Exercise inputs:
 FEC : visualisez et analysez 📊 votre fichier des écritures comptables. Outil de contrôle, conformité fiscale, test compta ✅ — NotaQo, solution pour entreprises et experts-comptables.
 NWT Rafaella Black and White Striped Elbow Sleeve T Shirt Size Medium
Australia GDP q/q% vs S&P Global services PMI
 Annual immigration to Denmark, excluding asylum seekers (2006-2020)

---

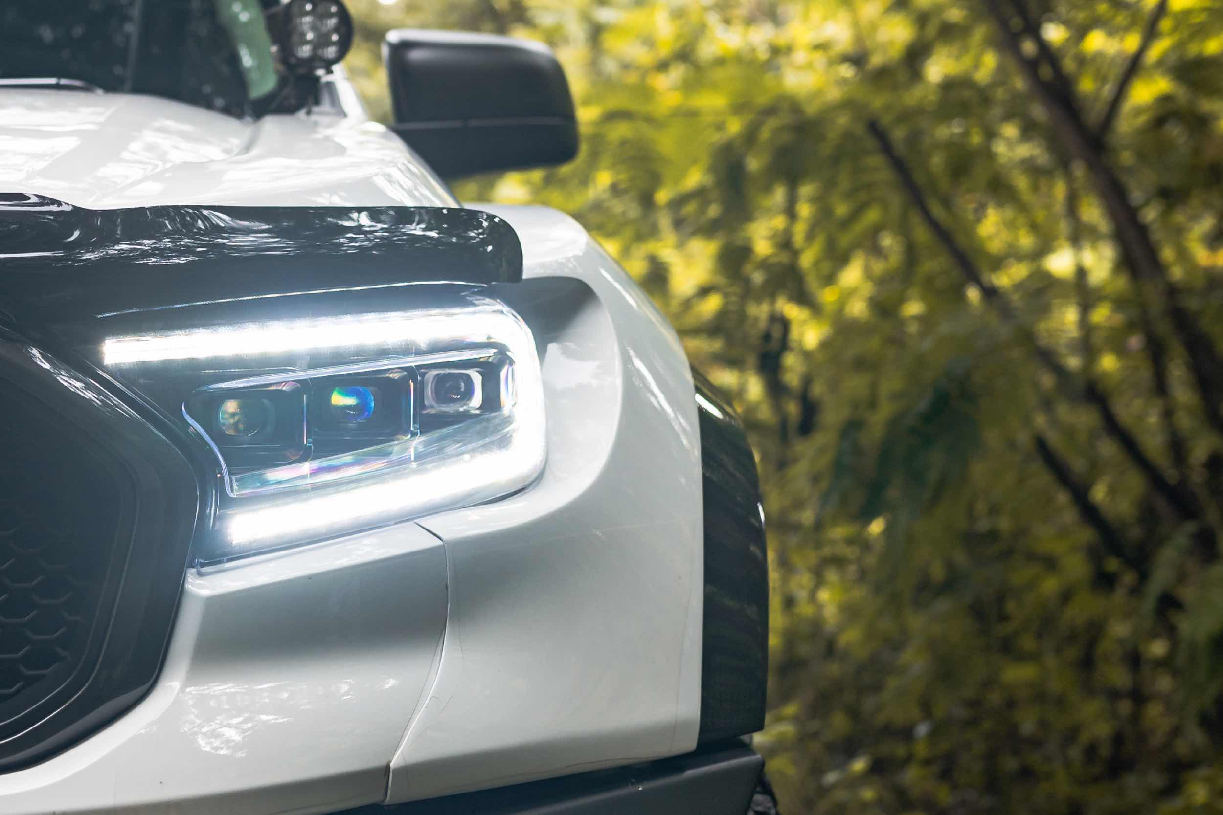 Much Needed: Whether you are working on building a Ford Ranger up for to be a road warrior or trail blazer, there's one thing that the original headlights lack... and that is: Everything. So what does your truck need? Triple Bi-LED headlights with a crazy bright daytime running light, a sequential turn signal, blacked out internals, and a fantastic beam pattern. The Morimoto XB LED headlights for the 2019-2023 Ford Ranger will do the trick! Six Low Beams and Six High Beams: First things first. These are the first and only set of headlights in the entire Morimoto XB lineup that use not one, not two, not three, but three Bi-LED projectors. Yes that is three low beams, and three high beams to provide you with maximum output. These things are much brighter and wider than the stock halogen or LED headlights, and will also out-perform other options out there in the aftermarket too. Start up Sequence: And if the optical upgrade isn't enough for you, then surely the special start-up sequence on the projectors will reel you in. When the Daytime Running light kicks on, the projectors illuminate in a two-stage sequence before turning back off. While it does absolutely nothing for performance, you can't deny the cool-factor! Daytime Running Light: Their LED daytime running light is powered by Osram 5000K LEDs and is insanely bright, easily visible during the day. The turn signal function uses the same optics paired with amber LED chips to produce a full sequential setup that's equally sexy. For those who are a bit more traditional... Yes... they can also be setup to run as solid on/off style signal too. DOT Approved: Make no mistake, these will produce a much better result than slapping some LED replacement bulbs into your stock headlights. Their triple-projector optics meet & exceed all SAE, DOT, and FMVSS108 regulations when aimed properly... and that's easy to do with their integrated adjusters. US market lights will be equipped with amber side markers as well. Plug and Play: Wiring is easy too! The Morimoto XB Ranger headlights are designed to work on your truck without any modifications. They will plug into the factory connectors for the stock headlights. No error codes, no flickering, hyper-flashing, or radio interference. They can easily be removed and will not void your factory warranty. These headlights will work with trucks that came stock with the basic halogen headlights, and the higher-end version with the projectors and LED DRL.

Exercise details: Copy back the listing above exactly, but only from the line with "FEC : visualisez" through the line with "Annual immigration to", both ends included.

Your solution:
 FEC : visualisez et analysez 📊 votre fichier des écritures comptables. Outil de contrôle, conformité fiscale, test compta ✅ — NotaQo, solution pour entreprises et experts-comptables.
 NWT Rafaella Black and White Striped Elbow Sleeve T Shirt Size Medium
Australia GDP q/q% vs S&P Global services PMI
 Annual immigration to Denmark, excluding asylum seekers (2006-2020)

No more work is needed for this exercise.